Bab 39 : Overthinking

158 17 0
                                    

Gerimis yang turun di kota Jakarta tidak membuat sepasang insan berbeda usia itu lantas berdiam di balik selimut. Sebuah koper besar yang berdiri di depan pintu sudah menjawab pertanyaan yang tersemat dalam benak.

"Mas, nggak mau cireng?"tanyaku setengah berteriak.

Entah kemana perginya pria itu. Tamu bulanan yang datang tidak tepat membuatnya hanya tersenyum sabar. Mengganti kekecewaan yang ada padanya, tangan ku menjadi gatal memasak mengenyangkan perutnya.

"Boleh. Dek, ayo nonton film,"ajak Dirga membuatku menaikkan sebelah mata.

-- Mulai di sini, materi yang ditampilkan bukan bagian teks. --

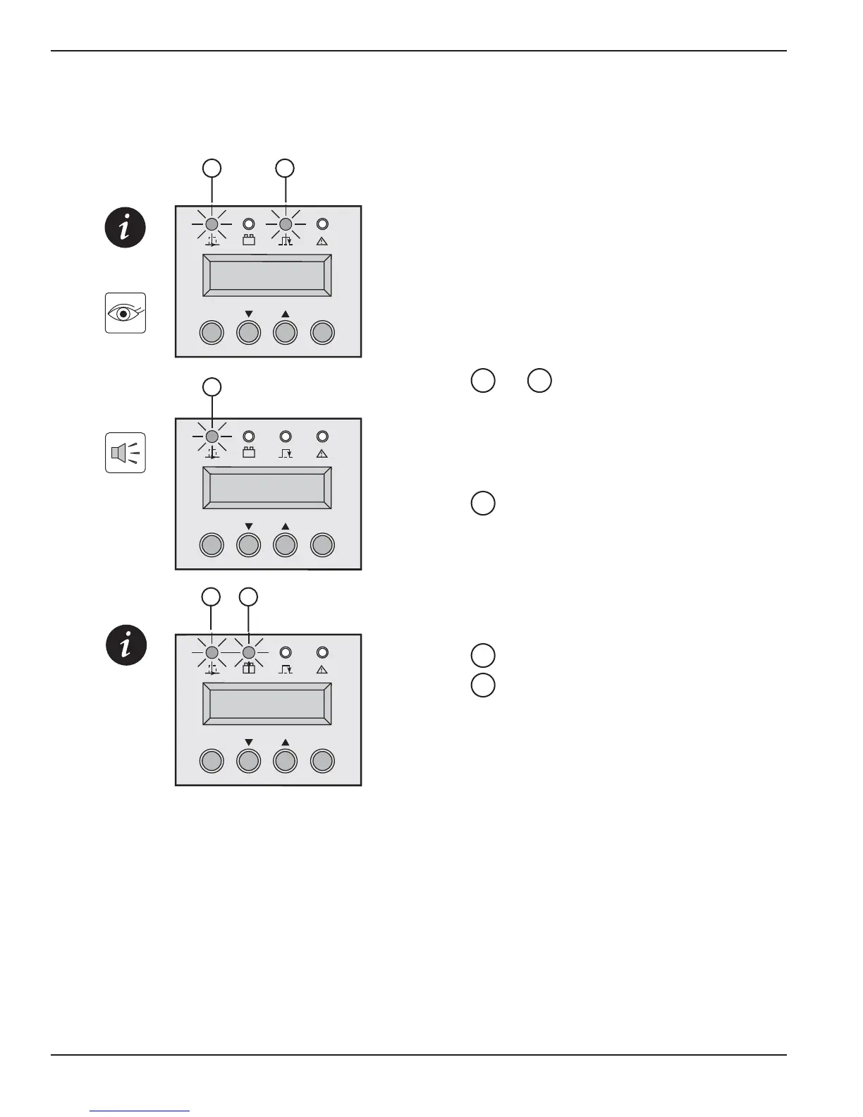 The audio alarm sounds intermittently.

"Yakin ngajak aku? Aku selalu ketiduran setiap nonton, loh,"ucapku meniriskan cireng ditemani bumbu pedas kuah pempek dari Bu Gading tadi sore.

Terlalu sayang kalau dibuang. Terlebih Dirga terlihat menyukai makanan itu. Aku pernah diberi tahu Ibu tentang cara membuat suami betah di rumah. Salah satunya mengenyangkan perutnya. Sebenarnya tanpa menggunakan cara itu, jika istri pertamanya tidak memanggil dia akan berada di rumah sepanjang hari.

"Nggak papa. Boleh?"tanya Dirga membuatku mengangguk pelan.

"Mas, kuahnya segini cukup?"tanyaku.

"Cukup, Nona manis,"ucap Dirga mengangkat serta cireng beserta kuahnya.

Seolah memang sudah berniat mengajakku menonton film, bahkan ruangan kamar pun sengaja di desain senyaman mungkin. Entah film apa yang berusaha dia ajak tonton bersama ku.

"Aku nggak bermaksud apapun dengan film ini, Dek. Cuma, aku mau menunjukkan ini lah dunia yang sebenarnya tempatku membawamu sekarang. Mungkin sekarang aku hanya berseliweran di rumah. Tapi kalau negara memanggil pesan ku hanya satu. Maafkan semua kesalahan ku dan jangan pernah menahan ku pergi,"ucap Dirga membuatku mendongak menatapnya.

"Apa maksudmu? Semua orang memang akan mati. Jadi, apa bedanya?"tanyaku heran.

"Hah, baiklah. Kita mulai saja filmnya,"ucap Dirga mencium pipi ku singkat.

Semenjak aku mengatakan menantikan kepulangannya, dia semakin gencar mencium ku dengan bebas. Bahkan sejak dari sholat Isya hingga saat ini pukul 10 terhitung sudah lima belas kali dia melakukannya. Anggap saja aku konyol, tapi bagaimanapun itu hal baru yang tidak pernah ku lakukan selama menikah.

"Aku juga pernah jadi siswi jadi malu dengan tingkahnya,"ucapku berkomentar melihat adegan para siswi menggoda anggota tentara angkatan darat.

"Yakin?"tanya Dirga menyentuh mengangguk pelan.

"Saat SMA aku harus bekerja keras biar dapat beasiswa. Mana pernah aku memikirkan hal begituan,"ucapku.

"Lompat pagar nggak pernah?"tanya Dirga membuatku menatapnya aneh.

"Orang bodoh mana yang melakukannya?"tanyaku.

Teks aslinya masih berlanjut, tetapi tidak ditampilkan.